Library construction and screening
The equivalent residues in the E.coli NAL enzyme, Asp191, Glu192 and Ser208 (E.coli numbering used from here on), were selected for saturation mutagenesis by MegaPrimer PCR (see Materials and methods). Three mutant libraries, denoted ‘D191X’, ‘E192X’ and ‘S208X’, were constructed and protein libraries prepared by lysis of resuspended cell pellets harvested from 1 ml cultures of individually picked colonies from each saturation mutagenesis library. Analysis of randomly selected clones from each library by SDS–PAGE showed that 100% of the chosen colonies were expressing protein of similar size to wild-type NAL and that expression levels were not significantly altered (data not shown).
Our aim is to produce an enzyme capable of the synthesis of sialic acid mimetics such as 5. However it is easier to assay the enzyme reactions in the reverse, cleavage (retro-aldol) direction. In this way, successful substrates will yield pyruvate as product, which can in turn be assayed by its reduction with NADH using lactate dehydrogenase.
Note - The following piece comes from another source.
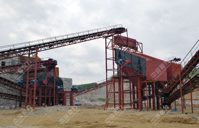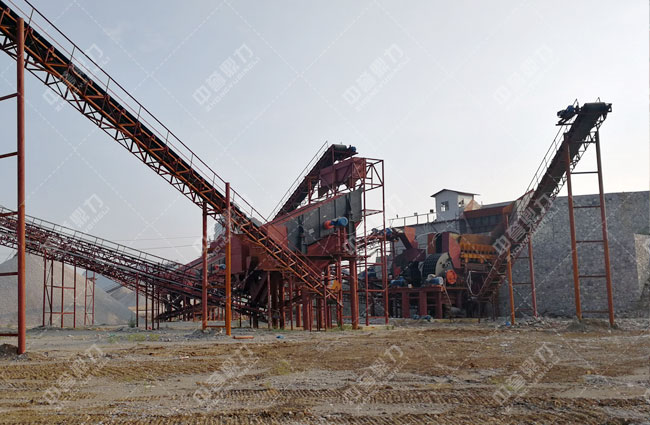 石料由ZGC2038振動(dòng)給料機(jī)均勻地送到頭破(PCZ1815重型錘式反擊破碎機(jī))進(jìn)行粗破,粗破后的物料由膠帶輸送機(jī)送入到二破(XPC1216錘式破碎機(jī))進(jìn)行細(xì)碎,細(xì)碎后的物料被輸送到兩道并篩中進(jìn)行篩分,篩分出五種不同規(guī)格的成品料,由輸送帶送到成品料堆。成品粒度可按用戶的需求進(jìn)行組合和分級(jí)。

Variants with increased activity in this assay should also show increased activity in the desired synthetic aldol condensation reaction owing to the principle of microscopic reversibility. Similarly, the activity of each variant towards the wild-type substrate, sialic acid, was also measured and the specificity profile of each library is shown in Figure 3. Data in Figure 3 are uncorrected for the level of expression of each variant, although most variants were found to express at approximately the same level as judged by SDS–PAGE analysis.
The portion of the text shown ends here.